Another year I found a primary mirror that I liked. It was a factory reject that had an obvious chip out of the edge, that looked to me like it would not affect the optical performance. The chip was even carefully indicated by marking pen, apparently by an inspector at the factory. Though not aluminized, it was completely polished to the best of my inspection.
Over the years I found and bought an empty tube, a fork-mount base, a focus knob, and the focusing ring and screw. I was especially impressed with the mount base, since it was manufactured during the years that Celestron used Byers gears, which are famous for their precision. I think I paid $25 for it. It was the most expensive part. A friend who was upgrading her Celestron 8 to use a super focuser gave me the old focus mechanism – the only part I got for free.

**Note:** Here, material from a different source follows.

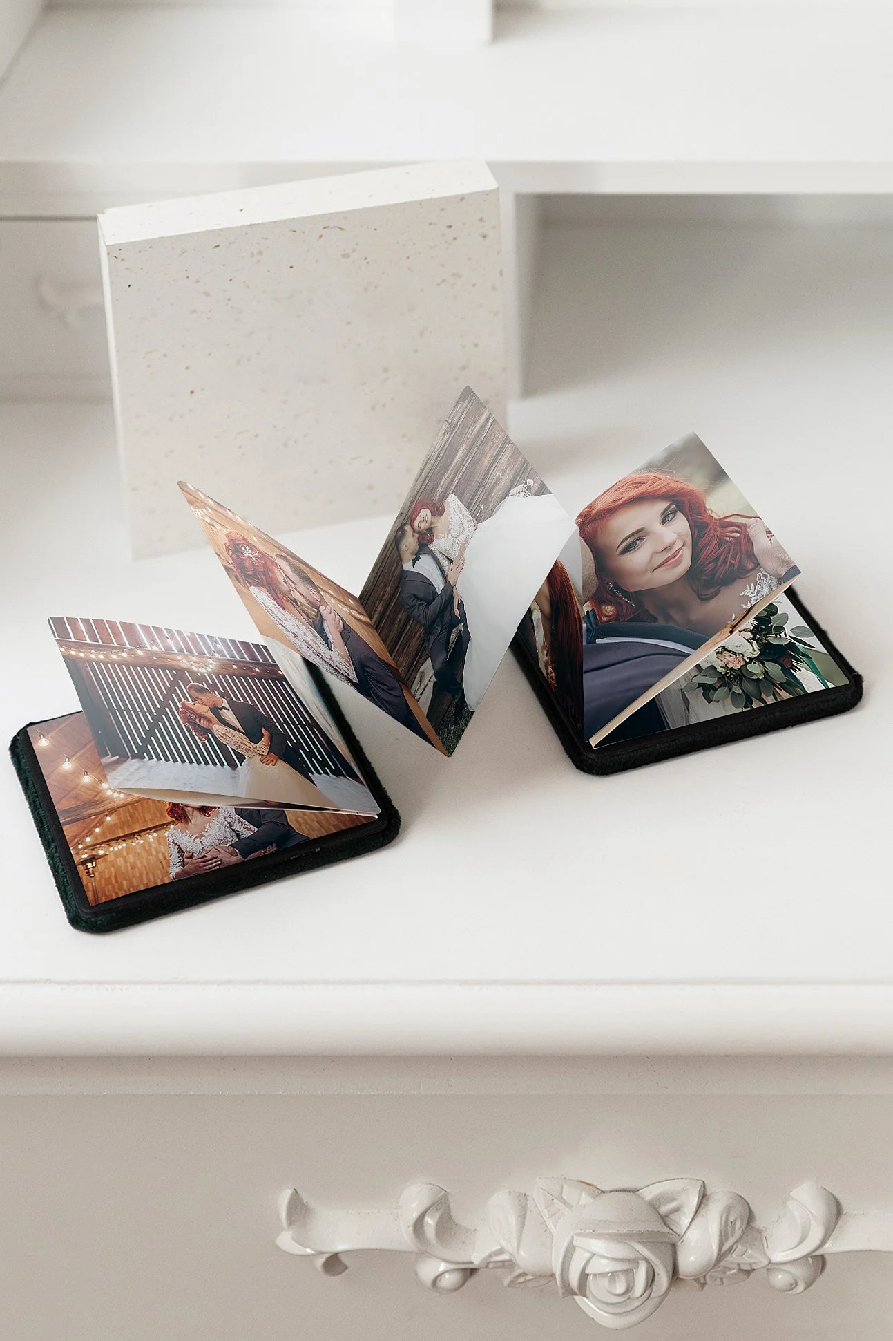 In der Box befinden sich hochwertige Portraitkarten mit euren Bildern. Die einzelnen Prints lassen sich aufstellen, verschenken oder jederzeit austauschen.

After several years of not finding the remaining parts, I went to a dealer of used telescope parts and bought the corrector retaining ring and the primary mirror retaining ring. After that I was missing only some bolts, which I found in a hardware store. I now had parts from eight different telescopes, plus the primary mirror, which apparently was never put into a ‘scope.
In order to avoid the bother and cost of carefully packing and shipping the fragile primary mirror, I carried it into Newport Glass Company, which coats mirrors with the reflective aluminum. The mirror-coating expert there saw that this was a factory reject mirror and warned me that I really should get a matched set of optics. I told him I would take my chances and to go ahead with the aluminizing. It cost fifty-some dollars.
I was finally ready to assemble my telescope. I carefully cleaned and lubricated all the parts that needed such and put it all together. I then collimated the secondary mirror.
First light was a star test of the optics, comparing the pattern seen inside and outside of focus. The first image was less than perfect; it clearly had a fair amount of astigmatism. Either my primary was not a perfect sphere, or the secondary or corrector were not their perfect shapes. I repeatedly rotated the corrector, along with the attached secondary mirror, with respect to the primary to see if I could improve the image quality. After a series of trial an error attempts, I found a rotation that had nearly perfect star test images. Two wrongs sometimes do make a right!
Altogether, the completed telescope probably costed about $130 for the parts and mirror aluminizing.
A fellow amateur astronomer, observing that I had cobbled together the telescope’s body parts and brought them to life, started calling my rig “The FrankenScope.” Regardless of the name, I am happy with it. I have used it for several outreach star parties in addition to my regular star gazing.
Why Not To
Though a fun, if lengthy, project, there are reasons that it likely wouldn’t work again. Firstly, I have not seen Celestron, or any other manufacturer, sell scrapped telescope parts for several years now. The era of being able to buy a working telescope part by part is probably over.
Secondly, I got lucky that the primary mirror and the corrector/secondary assembly had nearly the same astigmatism so they could be rotated to cancel out each other’s imperfections. That probably would not happen if tried again.
Lastly, the telescope was obsolete as soon as it was built because it took so long to complete. The mount was built back when such telescopes were motorized only on the Right Ascension axis, without declination motor, and had no computer control. I have to find objects in the sky the old-fashioned way, moving the ‘scope by hand to the desired coordinates, without the aid of GoTo capability. I also have to polar align the R.A. axle, which is not necessary for computer-controlled telescopes. I don’t mind; that’s the way I learned to do it.